ATLANTA — The Advisory Committee on Immunization Practices of the Centers for Disease Control and Prevention voted for universal immunization against influenza, starting with the 2010-2011 season.
Specifically, the committee voted to recommend influenza immunization for healthy people aged 19-49 years, the only group aged 6 months and older that had not been targeted in previous recommendations.
The committee had considered universal influenza immunization in previous years but had stopped short of endorsing it, said Dr. Anthony Fiore of the CDC's National Center for Immunization and Respiratory Diseases, Atlanta.
The 2009 pandemic influenza changed the picture.
About 90% of hospitalizations and deaths occurred in individuals younger than 65 years, many of them adults aged 19-49 years.
Moreover, adults aged 19-24 years had been among the targeted priority groups for the 2009-2010 monovalent H1N1 vaccine, he said.
It's likely that 2009 pandemic A(H1N1)–like viruses will continue circulating in 2010-2011, and the proportion of healthy adults now immune is unknown, Dr.
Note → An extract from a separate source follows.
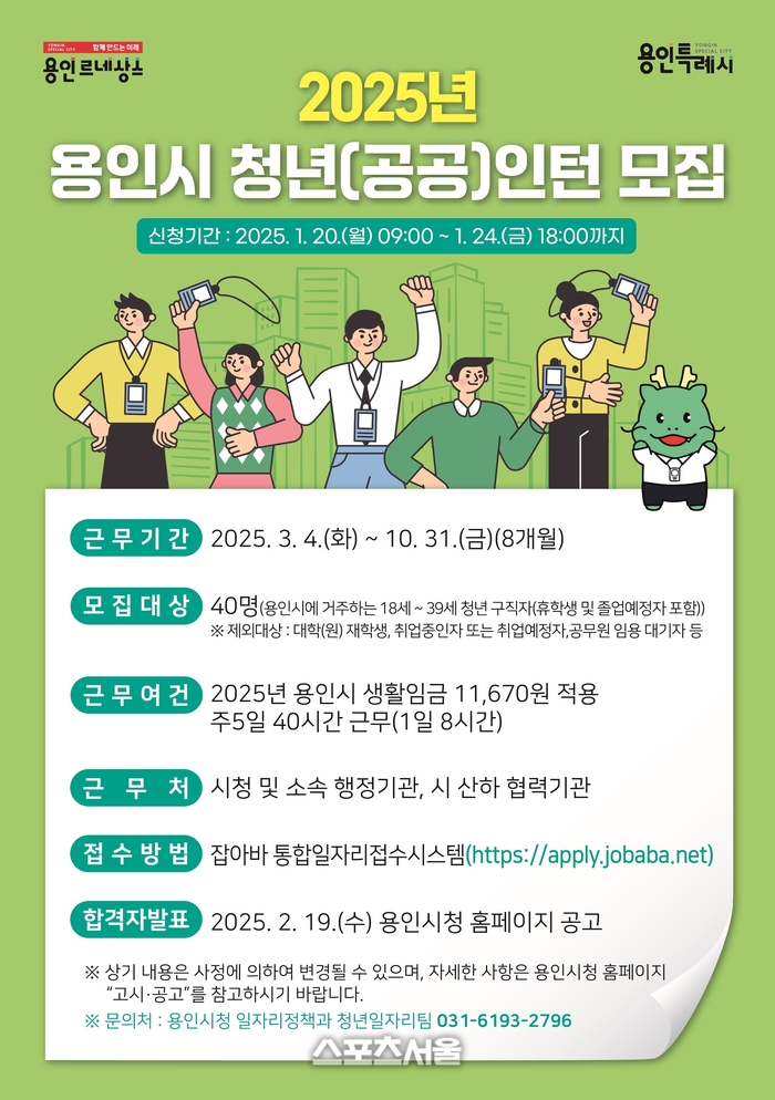 〔스포츠서울│용인=좌승훈기자〕경기 용인시는 오는 20일부터 24일까지 5일간 시청 등 공공기관에서 사무보조 업무를 하며 공공분야 경력을 쌓을 청년인턴 40명을 모집한다고 15일 밝혔다.

Fiore noted.
Another consideration: Obesity, which affects 28% of U.S. adults, was identified as a new independent risk factor for severe illness with the pandemic A(H1N1) strain.
Recommendations of ACIP become recommendations of the CDC once they are accepted by the director of the CDC and the Secretary of Health and Human Services and are published in the CDC's Morbidity and Mortality Weekly Report.
The committee had considered universal flu immunization previously, but had stopped short of endorsing it.